Out of the box: A review of Ericsson and Haswell's (Eds.) Machine Scoring of Student Writing: Truth and Consequences
by Elliot Knowles
"What we need are new tools for thinking with, new frames in which to place things, in which to see the old and the new, and see them both newly."Gunther Kress: Literacy in the new media age
Technology, like life, will out. Much like life finding a way--through persistence or sheer genetic determinism--even the most mundane technologies will either be deemed useful through their intended use, or through some unexpected purpose derived by a savvy technician. Once the box is opened, any possible users of technology can find a use in practice. Whether the technology be as simple as banging two rocks together to produce a spark or as complicated as the biomechanical apparatus of a pacemaker, the intricate social construction of symbol systems such as languages, the codification of the human genome, or the spiraling production of knowledge, techniques and artifacts alike hinge on the manner in which they are interpreted and used.

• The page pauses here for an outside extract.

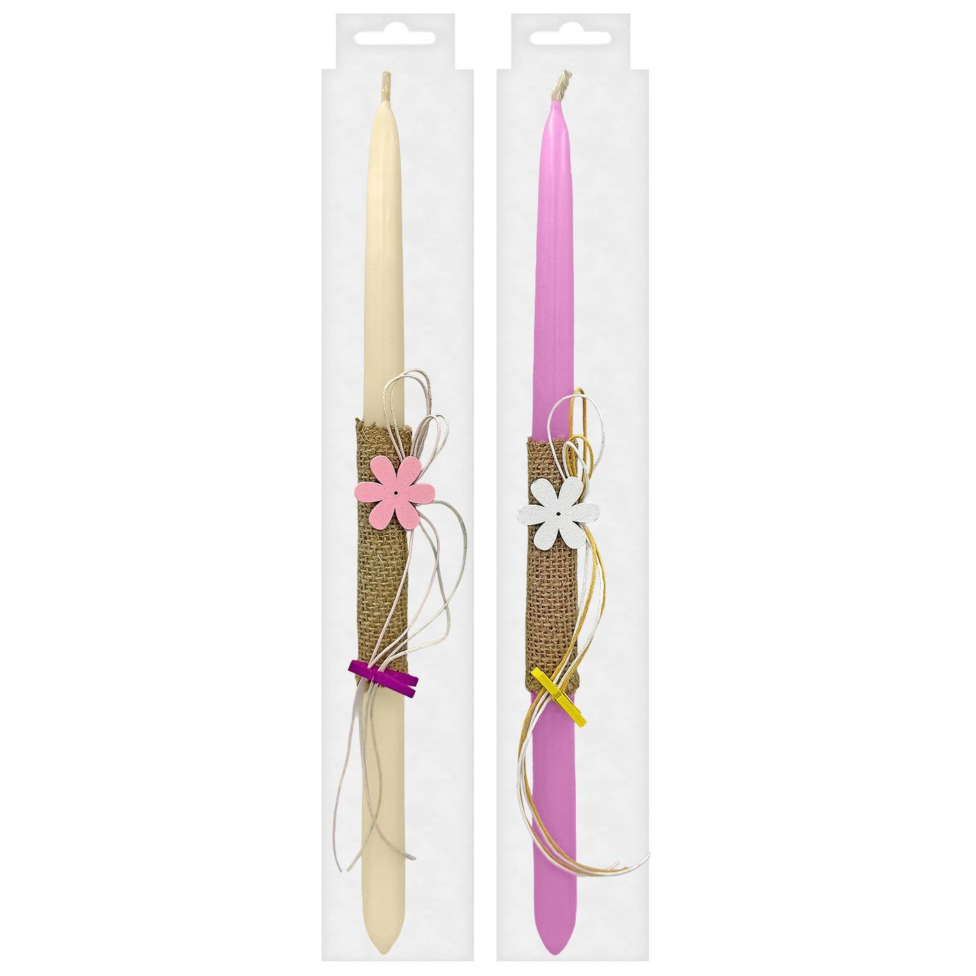 Διακοσμητική πασχαλινή λαμπάδα ύψους 37 cm με ξύλινο λουλούδι ως κεντρικό στοιχείο. Ιδανική για πασχαλινές τελετές και ως δώρο, προσφέρει διαχρονική όψη και φυσική υφή χάρη στο ξύλινο διακοσμητικό. Συνδυάζεται εύκολα με πασχαλινή διακόσμηση και τραβάει την προσοχή χωρίς υπερβολές.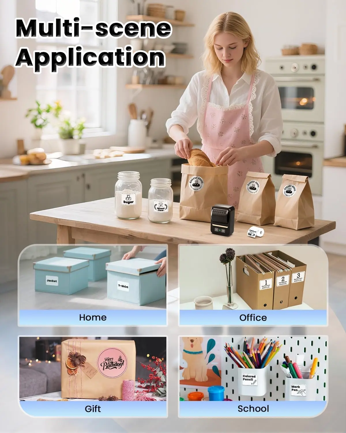 ·Widely Use: This 2 inch label printer is ideal for small business, office, school, retail store and home organization like storage box, bottle, jar, food container, homemade food, bakery, jewelry, price tags, QR code, address, barcode and logo, name tag, folder, documentation. Whether for Halloween, Thanksgiving and Christmas, this Sticker Printer serves as an excellent gift choice

By taking this social constructivist view of technology, a technology cannot exist as a neutral, autonomous entity. Langdon Winner (1986) expands this argument by stating:
what matters is not technology itself, but the social or economic [or political] system in which it is embedded. This maxim, which in a number of variations, is the central premise of a theory that can be called social determinism of technology. It serves as a needed connective to those who focus uncritically upon such things as 'the computer and its social aspects' but who fail to see the social circumstances of their development, deployment, and use. (p. 20)
Like any other technology, writing assessment and the techniques and artifacts associated with it fall prey to missing the forest for the trees when it comes time to evaluate how such technologies are put into use. Most notably this plays out in the fact that computers cannot as of yet read and interpret writing.
In the introduction to their anthology, Machine scoring of student writing: Truth and consequence, Patricia Ericsson and Richard Haswell (2006) warn that "new technology can sneak in the back door and establish itself while those at the front gates, nominally in charge, are not much noticing" (p. 1). Yet, as the technology of machine scored essays enters through the back door, Ericsson and Haswell report that with the exception of writing teachers and composition scholars such as Dennis Baron, Anne Herrington and Charles Moran, Julie Cheville, and Mike Williamson, "the response on machine scoring from the academic community ...Â has been silence" (p. 2). The anthology stands in opposition to this silence: If you are interested in writing assessment and the emergent technologies involved in automated means of scoring student essays, and you wish to take part in the larger conversation of whether or not programs such as ACCUPLACER--a program used by the College Board to rate student writing samples--are viable and appropriate assessment tools, this book is a necessary read. It contains sixteen essays written by both scholars and educators: McAllister and White, Ericsson, Anson, Haswell, McGee, Jones, Herrington and Moran, Matzen Jr. and Sorensen, Ziegler, Maddox, Corso, Whithaus, Brent and Townsend, Rothermel, Condon, and Broad. The essays in this collection range from Haswell's extensive bibliography of over 40 years of work on machine-scored student essays to the theoretical and interpersonal implications of machine scoring to research collected by teachers involved in programs using various machine scoring platforms to projections of where the advent of computer assisted rating and response to student writing might lead us as assessors and educators.
The first essay in the collection, "Interested complicities: The dialectic of computer-assisted writing assessment" by Ken McAllister and Ed White sets the stage for the larger discussion of machine scoring of student writing. They state,
our purpose here ...Â is to offer readers a broad perspective on how computer-assisted writing assessment has reached the point it occupies today, a point at which the balance of funding is slowly shifting from the research side to the commercial side. (p. 9)
They cite the various players in computer-assisted assessment as English departments, researchers, entrepreneurs, adopters, and finally users--students. Regardless of the various stakeholders, they conclude that
writing teachers need to adopt a model of praxis--a process of critical (including self-critical) reflection and informed practice towards just ends--as they pursue their interests concerning computer-assisted writing assessment. This means that all complicit parties, but most particularly the faculty (which ultimately owns the curriculum), need to be aware of the history and profundity of the issues behind computer-assisted writing assessment. (p. 27)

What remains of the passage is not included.